Eisenstatus testen – welche Laborwerte zählen?
| Parameter | Normalbereich | Bedeutung |
|---|---|---|
| Serum-Ferritin | 12–150 µg/l (Frauen) / 12–300 µg/l (Männer) | Eisenspeicher (sensitivster Marker) |
| Serum-Eisen | 60–180 µg/dl | Tagesvariabel, wenig aussagekräftig allein |
| Transferrin-Sättigung | 16–45 % | Transportkapazität; <16 % = funktioneller Mangel |
| Hämoglobin | 12–16 g/dl (Frauen) / 13,5–17,5 g/dl (Männer) | Anämie-Diagnose |
Supplementierung: Wann und welche Form?
Bei nachgewiesenem Mangel (Ferritin <30 µg/l) oder erhöhtem Bedarf kann eine Supplementierung sinnvoll sein. Gängige Formen:
| Form | Elementares Eisen | Verträglichkeit | Bioverfügbarkeit |
|---|---|---|---|
| Eisensulfat | ~20 % | Mäßig (GI-Beschwerden möglich) | Hoch |
| Eisengluconat | ~12 % | Besser verträglich | Gut |
| Eisenbisglycinat | ~20 % | Sehr gut verträglich | Sehr hoch (cheliert) |
| Eisen(III)-hydroxid-Polymaltose | ~36 % | Sehr gut | Moderat |
Einnahmeempfehlung: Nüchtern oder mit Vitamin C, nicht zusammen mit Kalzium, Tee oder Kaffee. Bei Verträglichkeitsproblemen auf cheliertes Eisenbisglycinat wechseln.
Häufige Fragen (FAQ)
Kann ich zu viel Eisen aufnehmen?
Ja. Eisenüberschuss (Hämochromatose oder übermäßige Supplementierung) erzeugt oxidativen Stress durch die Fenton-Reaktion. Symptome: Gelenkschmerzen, Leberschäden, dunkle Hautpigmentierung. Gesunde Personen ohne nachgewiesenen Mangel sollten nicht supplementieren.
Warum ist Spinat keine gute Eisenquelle?
Spinat enthält zwar viel Eisen auf dem Papier (~3,6 mg/100g), aber gleichzeitig viel Oxalate, die die Absorption stark hemmen. Die tatsächlich verwertbare Menge ist gering.
Wie lange bis zur Auffüllung der Eisenspeicher?

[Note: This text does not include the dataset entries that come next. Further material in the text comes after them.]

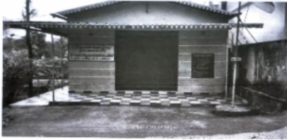
PHOTO OF PROPOSED POLLING BOOTH.

Handwritten signature വിദ്യാർത്ഥി സഹായക കമ്മിറ്റി പാലക്കാട്
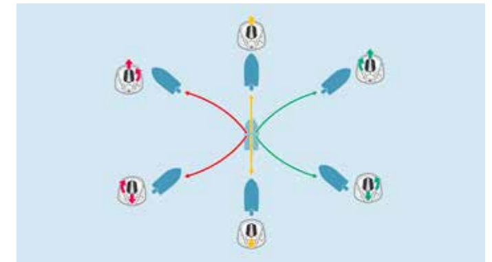
Yamaha Joystick Navigiere in engen Wasserstraßen und stark frequentierten Häfen mühelos und präzise mit dem Helm Master EX ® Joystick von Yamaha, der nun auch erstmalig für Einzelmotorisierung erhältlich ist.
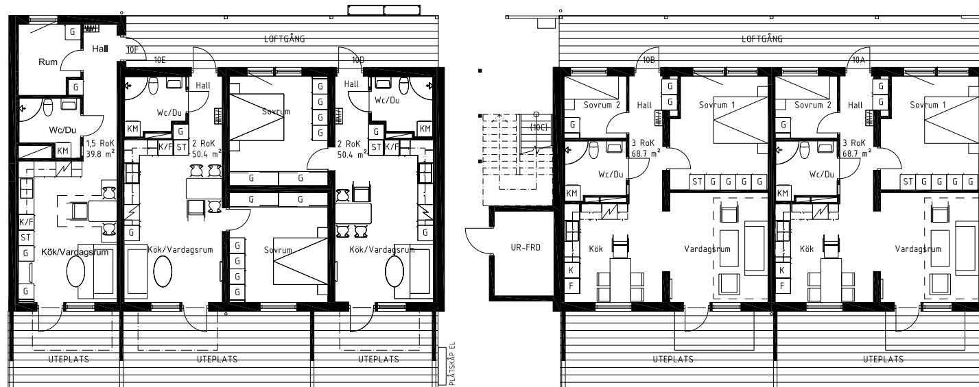
PLAN 1 hus A - Åkerholmsgatan 10A-F

Bei konsequenter Supplementierung normalisieren sich Ferritin-Werte meist nach 3–6 Monaten. Hämoglobin normalisiert sich schneller (4–8 Wochen), Ferritin braucht länger.
Eisen und Sport – worauf achten?
Ausdauersportler, besonders Läufer, verlieren Eisen durch Fußaufprall-Hämolyse, Schweiß und erhöhten Umsatz. Regelmäßige Ferritin-Checks (2x/Jahr) sind empfehlenswert.